Yes RHEL9 is on OpenSSL 3.x... and yes that confirms that FIPS_mode_set is being done inside the initialisation function for a library. Probably libssl/libcrypto itself.

huckabeec commented 3 weeks ago

So looks like we'll have to move to RHEL9 for our 4.x testing, not sure how to fix an issue the library causes for itself on loading.

For my own enlightenment, the 3.x line works fine on RHEL8 in FIPS mode, so I assume the OpenSSL initialization in 4.x s just that different to have this issue ?

arr2036 commented 3 weeks ago

I don't believe v3.x uses custom memory allocators.

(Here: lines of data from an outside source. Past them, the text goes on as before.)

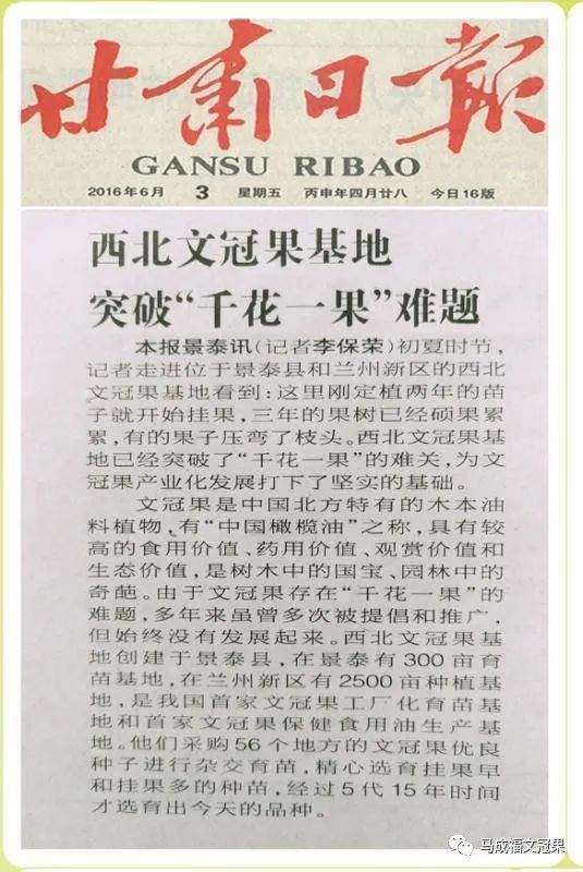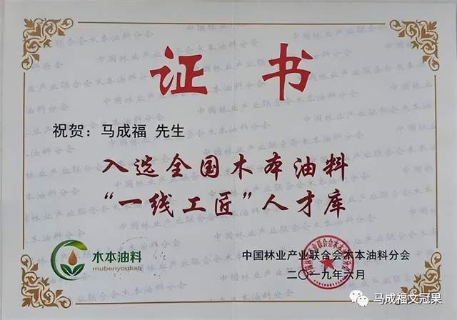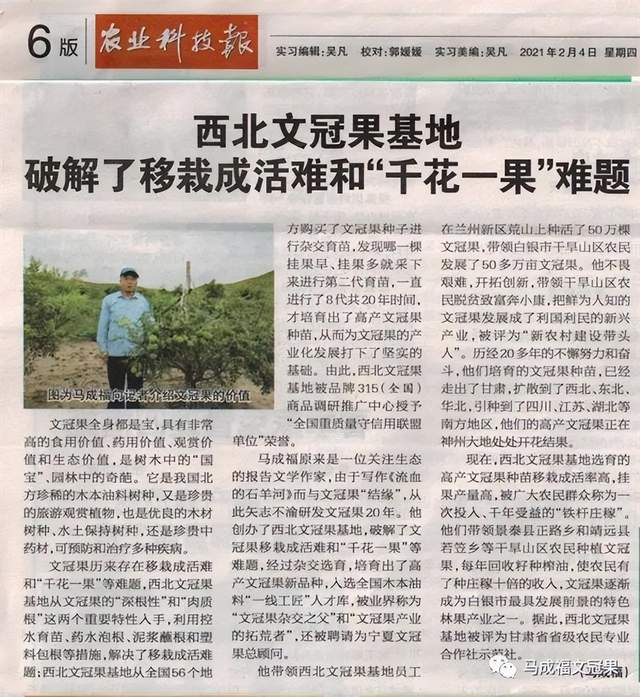 马成福原来是一位关注生态的报告文学作家,由于写作《流血的石羊河》,与抗旱节水的文冠果一见钟情,从此矢志不渝研发文冠果23年。他创办了西北文冠果基地,破解了文冠果移栽成活难和"千花一果"等难题,经过杂交选育培育出了高产文冠果新品种,入选全国木本油料"一线工匠"人才库,被业界称为"文冠果杂交之父"和"文冠果产业的拓荒者",还被聘请为宁夏文冠果总顾问。原来兰州市只有一棵300年的文冠果,他带领西北文冠果基地员工在兰州新区种活一棵树比养活一个娃娃还难的荒山上种植了50万棵文冠果;原来白银市只有一棵300年的文冠果,他带领白银市干旱山区农民发展了50多万亩文冠果。他不畏艰难,开拓创新,以实践科研和宣传推广为一体,带领干旱山区农民脱贫致富奔小康,把鲜为人知的文冠果,干成了利国利民的新兴产业,被评为"新农村建设带头人"。历经20多年的不懈努力和奋斗,我们培育的文冠果种苗,已经走出了甘肃,扩散到了西北、东北、华北,引种到了四川、江苏、湖北等南方地区,我们的高产文冠果正在神州大地处处开花结果。
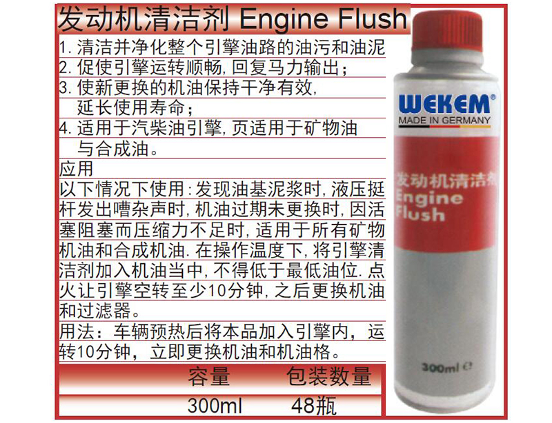 ·清洁并净化整个引擎油路的油污和油泥 ·促使引擎运转顺畅,回复马力输出; ·使新更换的机油保持干净有效,延长使用寿命; ·适用于汽柴油引擎,页适用于矿物油与合成油。 ·用法:车辆预热后将本品加入引擎内,运转10分钟,立即更换机油和机油格。
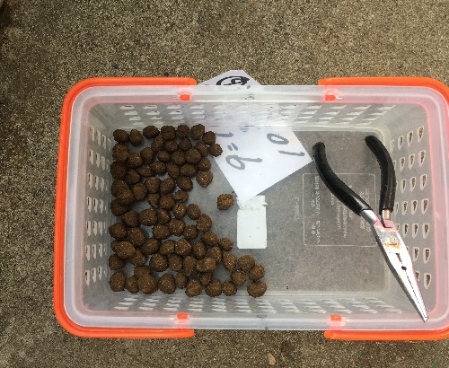 という事で全ての餌を25分ほどかけて練って丸めてしまった。
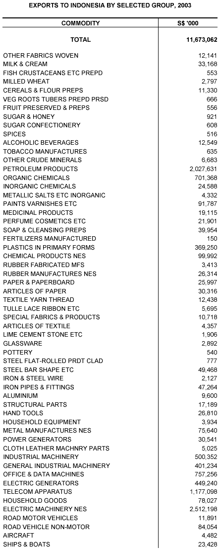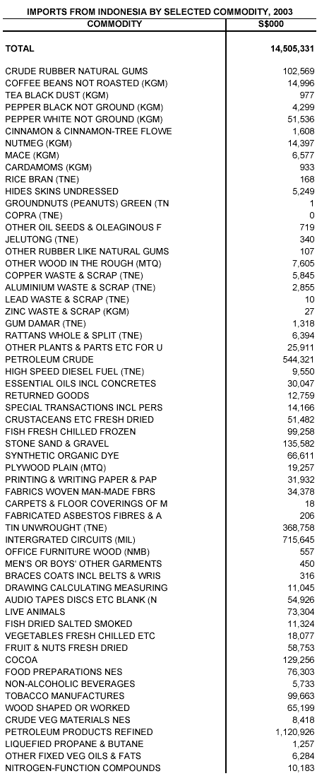Singapore's External Trade with Indonesia for 2003
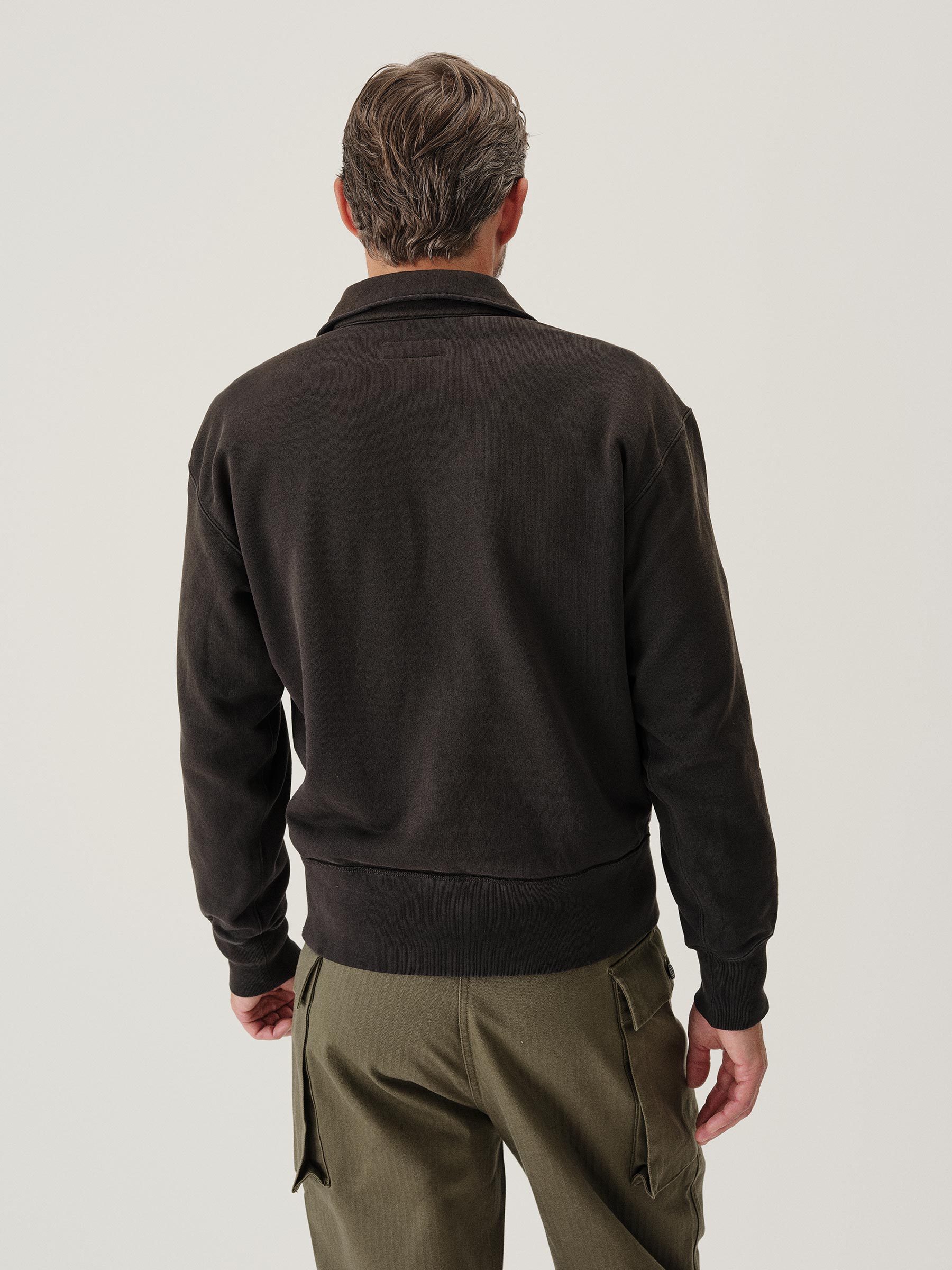 A midcentury-inspired quarter-zip collared sweatshirt made from plush, not-too-heavy, not-too-light, welterweight French terry. Features a foldover collar and front zip closure.

In v4 it's needed so that we can over-allocate the C call stacks OpenSSL uses for "yielding" out of the certificate validation callbacks. It's a horrible hack, but fixes some crashes we were experiencing in EAP-TLS and friends.

I've now officially removed support for OpenSSL < 3.0.0 from the server, primarily due to this FIPS issue. This means the minimum OS versions for v4 are FreeBSD 14, Debian 12, Ubuntu 22.04, Rocky/RHEL 9.